The State has the right to ban certain symbols and propaganda of certain ideology. However such a ban must meet certain requirements in order to comply with European human rights standards.
1) The law must be clear and foreseeable, the list of symbols and elements of ideology should be clearly formulated (preferably with pictures of such symbols), the provisions of the legislation should be maximally clear and unequivocal;
2) Such a ban should serve only the purposes defined for restriction of human rights, and there can therefore be no liability for simply using symbols where this is not linked with the threat of propaganda of prohibited ideology.
3) Such a ban should be necessary in a democratic society with this meaning that such a need must be proven in each case of punishment, and the punishment must be proportionate to the threat to the interests protected by the State.

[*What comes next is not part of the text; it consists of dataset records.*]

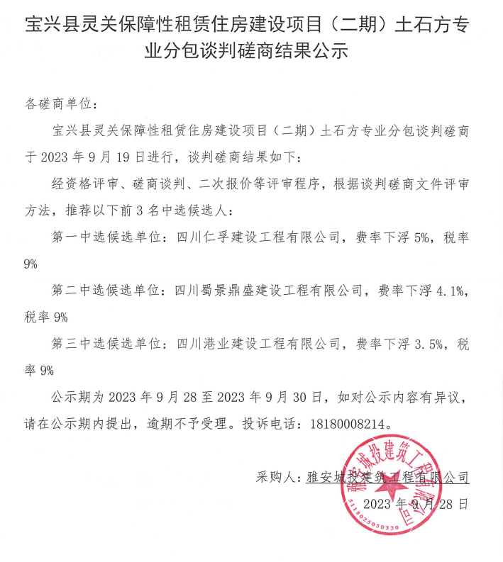 寶興縣靈關保障性租賃住房建設項目(二期)土石方專業(yè)分包談判磋商結果公示
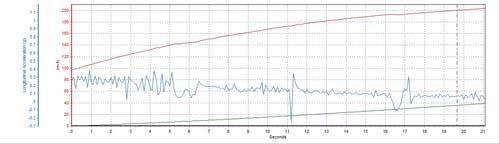 曲線圖可明顯看到三檔換四檔時(shí)發(fā)生了打滑,如果可去除該部分,成績(jī)因該再進(jìn)步約半秒的時(shí)間。 3檔換4檔:1.1秒 4檔換5檔:0.7秒 |
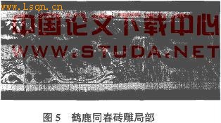 ”的环境中得到游目骋怀、怡然自足的雅兴。天津砖雕艺术注重对空间环境的渲染 ,达到掩映藏露,无画处皆成妙境的效果。对配景的刻画,亦考虑彼此关系上的照应,以形成统一的气韵。例如,图 5中的“鹤鹿同春”,其将动物与山水、建筑、植物进行有机组合,让整体构图穿插有序。鹤、鹿作为画面主体被放在主要位置,并用山水、建筑、植物将整体画面联系起来。画面比例适中,动静相生,其中水纹虽然是砖雕中的配景 ,但其所刻景物散淡飘逸 ,令人 回味,见图 5。  二、自然真挚的儒学伦理内涵 隶属于建筑装饰的天津砖雕艺术题材丰富多样、独具匠心,有人物 、花鸟、禽兽、虫鱼、回纹、八宝博古、书法以及各种吉祥图案等。其中以人物为主的题材有历史故事 、戏曲唱本、宗教神话、民族风情、民间传说和社会现实生活等,将人物场景表现得惟妙惟 肖,这是天津砖雕较为独特的一面。以动物、花鸟、图案为内容的题材,一般呈连续图样形式 ,或单独成为画面主题 ,赋予其以人格意义,表达人们 自己的理想品格和精神境界。民国后,砖雕意匠将皇家独有的龙凤形象带人民居之中,传递着吉祥寓意。
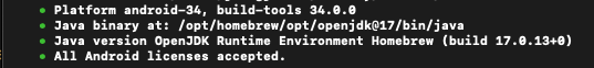 저는 openjdk17를 brew를 이용해 설치하였습니다. 먼저 flutter doctor -v 명령어로 터미널에 입력하시면 대체적으로 아래와 같은 오류가 나올 것입니다.
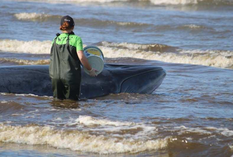 Encalhes da APA da Baleia-Franca tentaram resgatar o animal, que morreu posteriormente. Já em Imbituba, o caso foi registrado nessa segunda-feira, dia 24. O animal, que era um filhote de baleia-franca-austral, conseguiu sobreviver após os esforços de resgate e também da alta maré na localidade.

In view of the above, we suggest that the President returns the bill to parliament for refinement and for the above-mentioned three problematical areas of the bill to be removed. In order to observe human rights, the following amendments are required:
1) Narrow the list of communist symbols and make an exhaustive list, preferably adding the images in colour;
2) Allow the use of prohibited symbols in art, science and for other “non-political” purposes;
3) Ban the use of communist and Nazi symbols for the purpose of propaganda of communism and Nazism;
4) Ban full use of communist and Nazi symbols by the authorities or for commercial purposes;
5) Exclude the restrictions on names for legal entities, as well as with respect to bans on communist symbols;
6) Exclude restrictions of electoral rights, including the possibility of registered parties and other associations putting forward candidates for deputy;
7) Exclude imprisonment as punishment, replacing this with less severe sanctions, and best, impose administrative liability for the relevant offences. At the same time, as mentioned above, the elements making up this offence need to be narrowed.